At today’s B.C. COVID-19 briefing, provincial health officer Dr. Bonnie Henry acknowledged that B.C. surpassed the 10,000th case mark for people diagnosed with COVID-19 during the pandemic, and said that it is a threshold that “makes us pause”.
“We know that that’s an underrepresentation of the impact of this virus and that there have been more people, particularly early on when our access to testing was limited, who have been affected with this virus,” she said.
In examining numbers from daily reports, she pointed out that although new case counts over 100 may seem like a lot, the increase in case numbers have been gradual and that “it wasn’t that rapidly accelerating increase that we’ve seen in some other places in the world”.
She said there has also been a gradual increase and levelling of people in hospitals and intensive care units, which she has said several times that are areas they monitor very carefully.
“Early on in this pandemic, we didn’t know a lot about how this virus spread,” she said. “We were concerned it was spreading in healthcare settings in particular and that could overwhelm them, and that would have effects on people in our community.”
Unlike SARS, which she explained they were able to eradicate from communities, she said COVID-19 will be with us “for some time”.
Henry announced that there are 110 new cases (including one epi-linked cases) in B.C. today.
Active cases slightly increased by seven cases to 1,394 active cases today.
Five more people were admitted to hospital for a current total of 76 hospitalized cases, with 17 of those patients in intensive care units (two more than yesterday).
The total number of cases in hospital include 37 people in Fraser Health, 35 patients in Vancouver Coastal Health, one person in Interior Health, and one individual in Northern Health.
Public health is monitoring 3,139 people, which is up 97 individuals from yesterday.
The good news is that there aren’t any new community or healthcare outbreaks.
Also, Interior Health has declared the community outbreak at the Fording River site of the Teck Coal mine in Elkford, B.C., as over. (In September, the Newfoundland and Labrador government had asked all workers returning from the B.C. mine to their province after August 31 to remain isolated for 14 days.)
The outbreak at Milieu Children and Family Services Society community-living facility in Surrey has also been declared over, leaving 17 active healthcare outbreaks (14 in longterm care facilities and three acute care units).
A total number of 900 cases (528 residents and 372 staff) have been involved in healthcare outbreaks during the pandemic.

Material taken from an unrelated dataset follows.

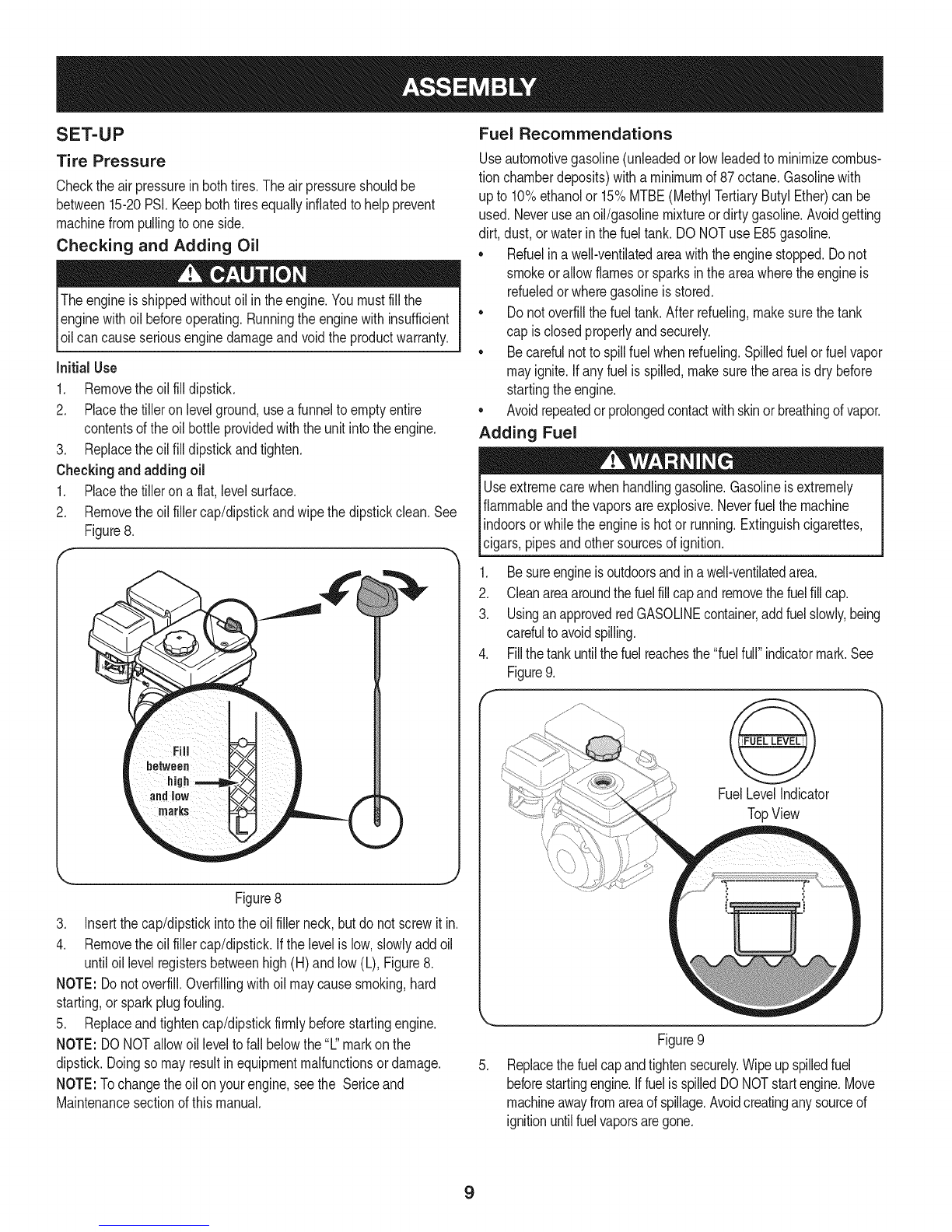 • Neveroverfillfueltank.Filltankto nomorethan1/2inchbelow

Unfortunately, there is one new death. The total number of fatalities is now at 245 people who have died.
A cumulative total of 10,066 cases have been confirmed in the province during the pandemic, including:
- 5,174 cases in Fraser Health;
- 3,693 cases in Vancouver Coastal Health;
- 557 cases in Interior Health;
- 330 in Northern Health;
- 223 in Island Health;
- 89 people who live outside Canada.
A total number of 8,398 people have recovered.
Vancouver Coastal Health has added five schools to its exposure incident list and one school has an added exposure date.

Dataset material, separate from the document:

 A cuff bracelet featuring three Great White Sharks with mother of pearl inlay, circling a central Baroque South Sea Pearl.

In Vancouver, two schools were added:
- Charles Dickens Elementary (1010 East 17th Avenue), with a potential exposure on October 2;
- Sir Charles Tupper Secondary (419 East 24th Avenue) with an exposure incident from October 1 to 2.
In West Vancouver, two schools have been added and a third school had an added date:
- Hollyburn Elementary (1329 Duchess Avenue), which had a potential exposure on October 2;
- the Wentworth Campus of Collingwood School (2605 Wentworth Avenue) had potential exposures on September 30, and October 1, 2, and 6.

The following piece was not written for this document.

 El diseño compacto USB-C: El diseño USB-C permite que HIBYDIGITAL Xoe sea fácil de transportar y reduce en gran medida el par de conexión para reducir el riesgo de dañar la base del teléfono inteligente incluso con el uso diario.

- Sentinel Secondary (1250 Chartwell Drive), which had previously announced exposure dates of September 14 to 18, has an added date of September 21.
In the Sea to Sky region, Garibaldi Highlands Elementary (2590 Portree Way) in Garibaldi Highlands had potential exposures on September 24, 25, 29, 30, and October 1.
Meanwhile, Fraser Health added one school to its list.
In Burnaby, St. Helen’s Elementary School (3894 Triumph Street) had an exposure incident on September 25 and September 28 to October 1.
When it comes to air travel, the B.C. Centre for Disease Control has added two flights confirmed with COVID-19 to its list.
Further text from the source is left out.